_ABOUT THIS EXERCISE_
Set down the records exactly as they stand, except for any pictures, which you should omit.

_DATA UNDER STUDY_

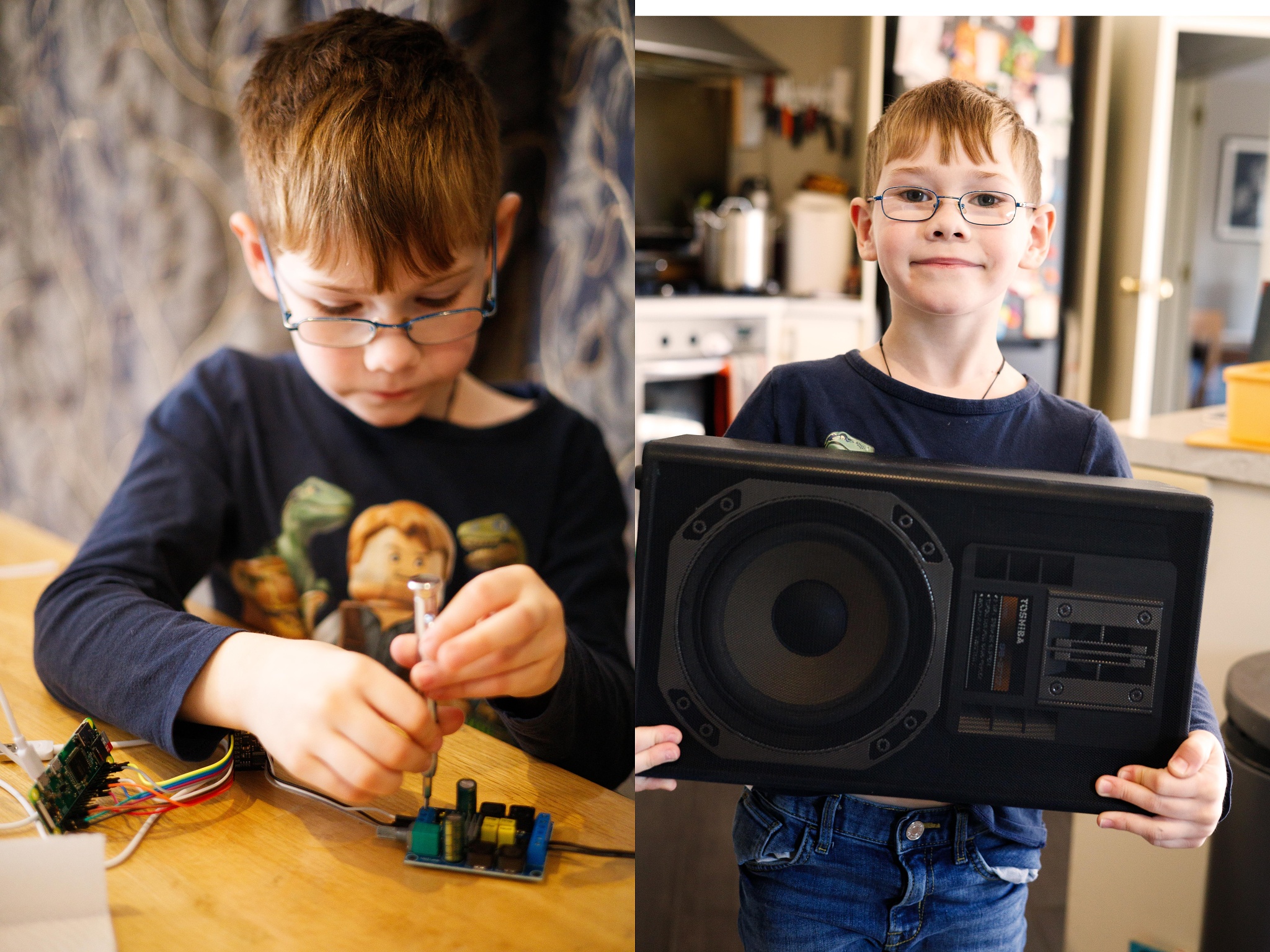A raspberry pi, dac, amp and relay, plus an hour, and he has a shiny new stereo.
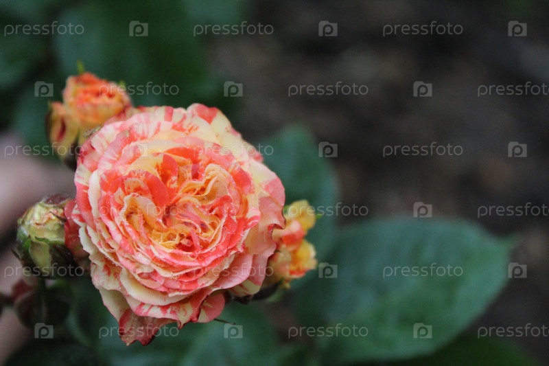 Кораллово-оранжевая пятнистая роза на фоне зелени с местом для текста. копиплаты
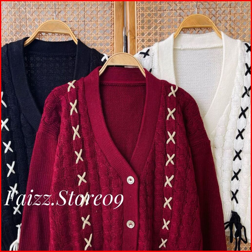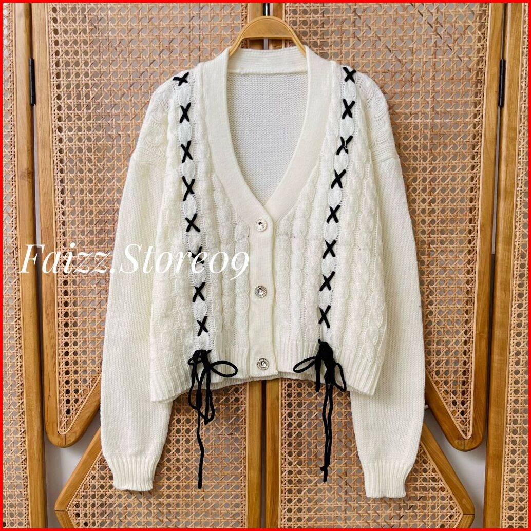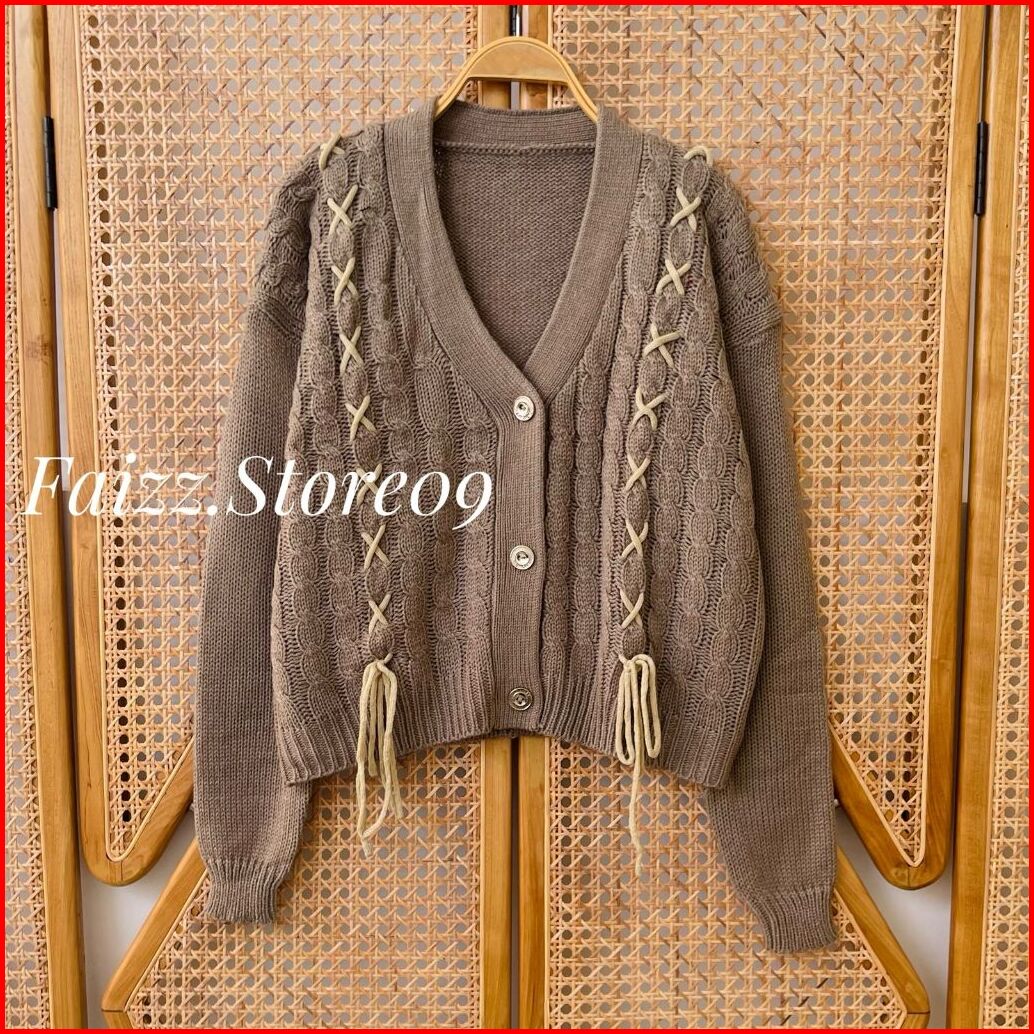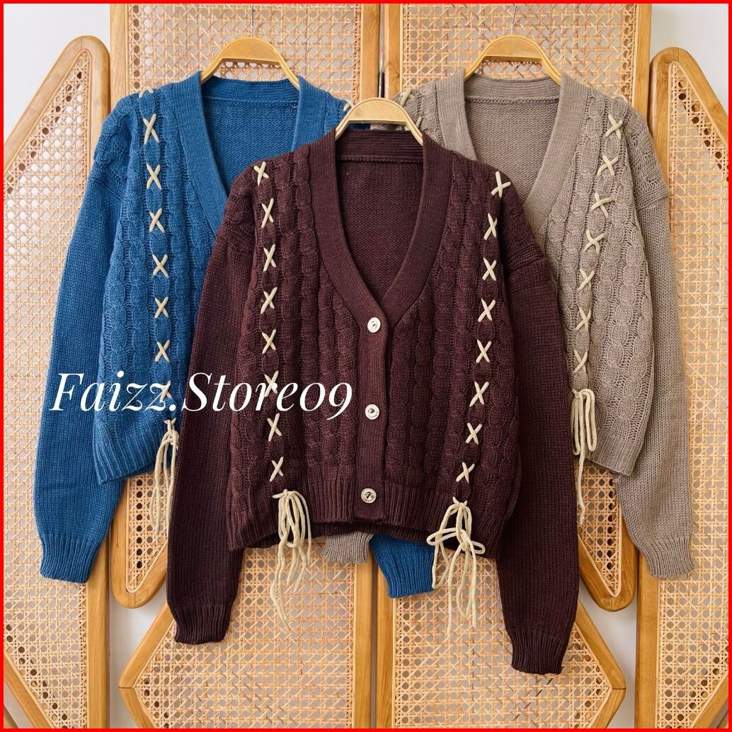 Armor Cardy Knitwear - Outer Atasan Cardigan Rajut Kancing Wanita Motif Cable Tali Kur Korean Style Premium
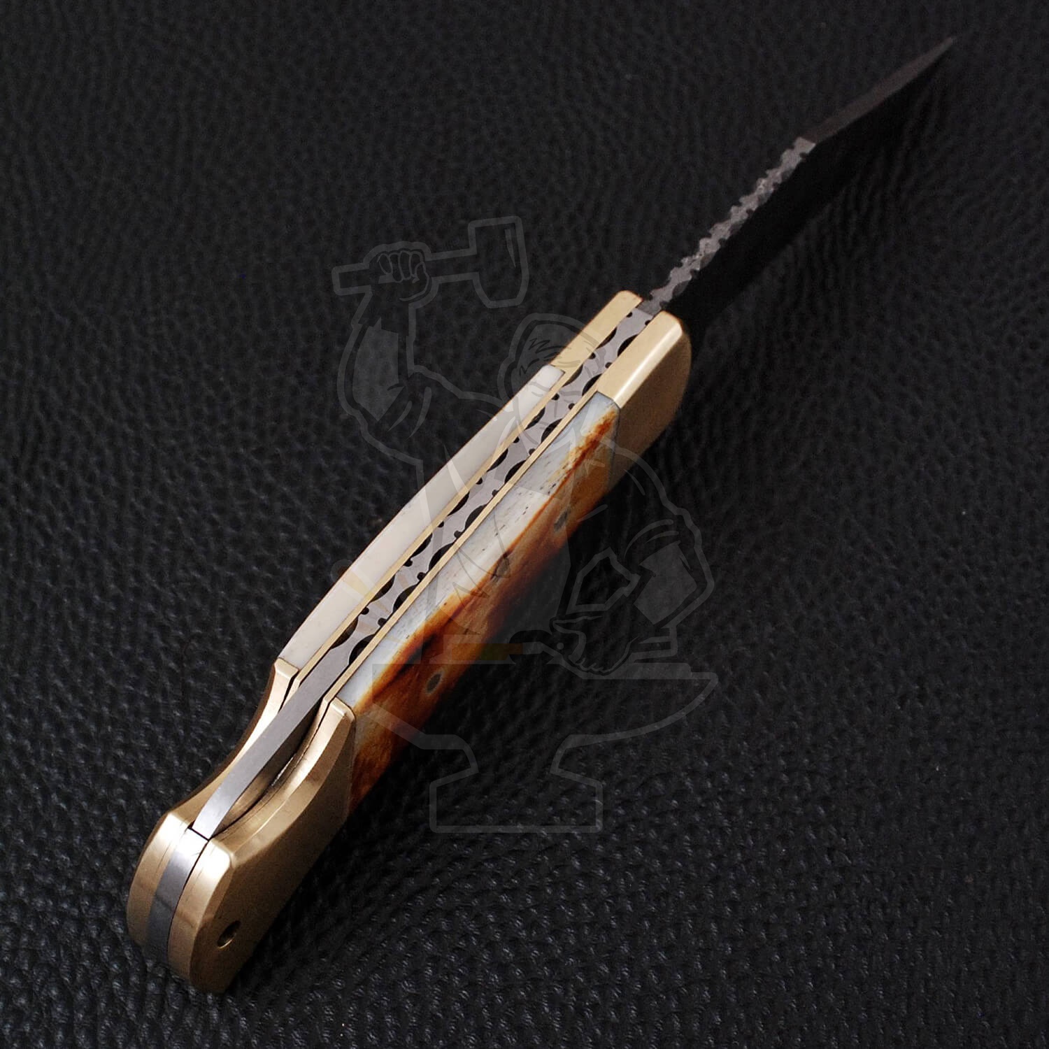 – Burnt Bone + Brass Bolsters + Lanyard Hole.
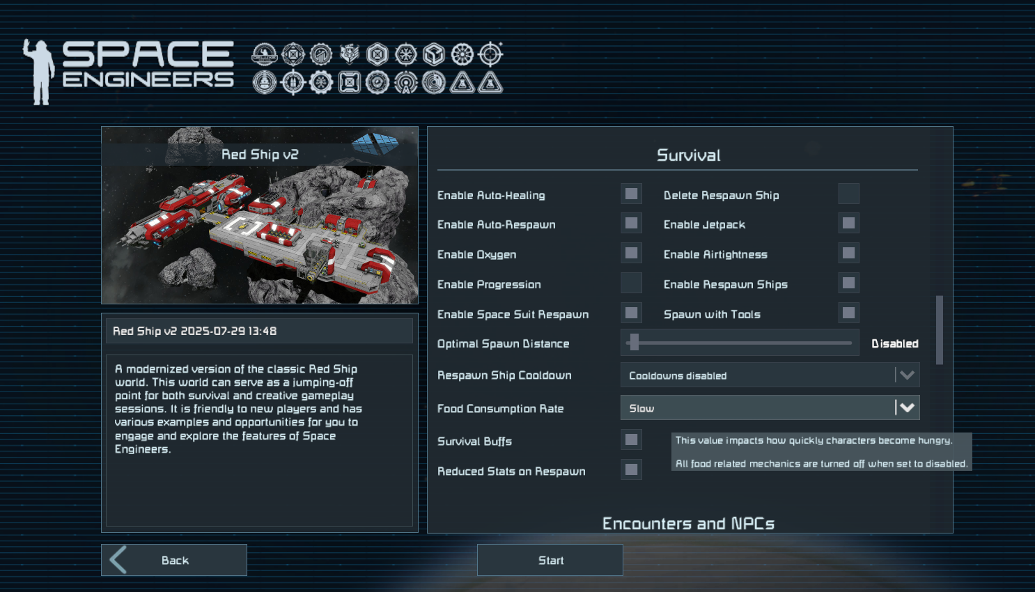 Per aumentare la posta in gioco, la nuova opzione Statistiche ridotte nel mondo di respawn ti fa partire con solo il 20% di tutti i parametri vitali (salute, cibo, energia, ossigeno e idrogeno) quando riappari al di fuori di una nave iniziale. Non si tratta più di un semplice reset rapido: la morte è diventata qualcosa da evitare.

_EXPECTED OUTPUT_
A raspberry pi, dac, amp and relay, plus an hour, and he has a shiny new stereo.
 Кораллово-оранжевая пятнистая роза на фоне зелени с местом для текста. копиплаты
 Armor Cardy Knitwear - Outer Atasan Cardigan Rajut Kancing Wanita Motif Cable Tali Kur Korean Style Premium
 – Burnt Bone + Brass Bolsters + Lanyard Hole.
 Per aumentare la posta in gioco, la nuova opzione Statistiche ridotte nel mondo di respawn ti fa partire con solo il 20% di tutti i parametri vitali (salute, cibo, energia, ossigeno e idrogeno) quando riappari al di fuori di una nave iniziale. Non si tratta più di un semplice reset rapido: la morte è diventata qualcosa da evitare.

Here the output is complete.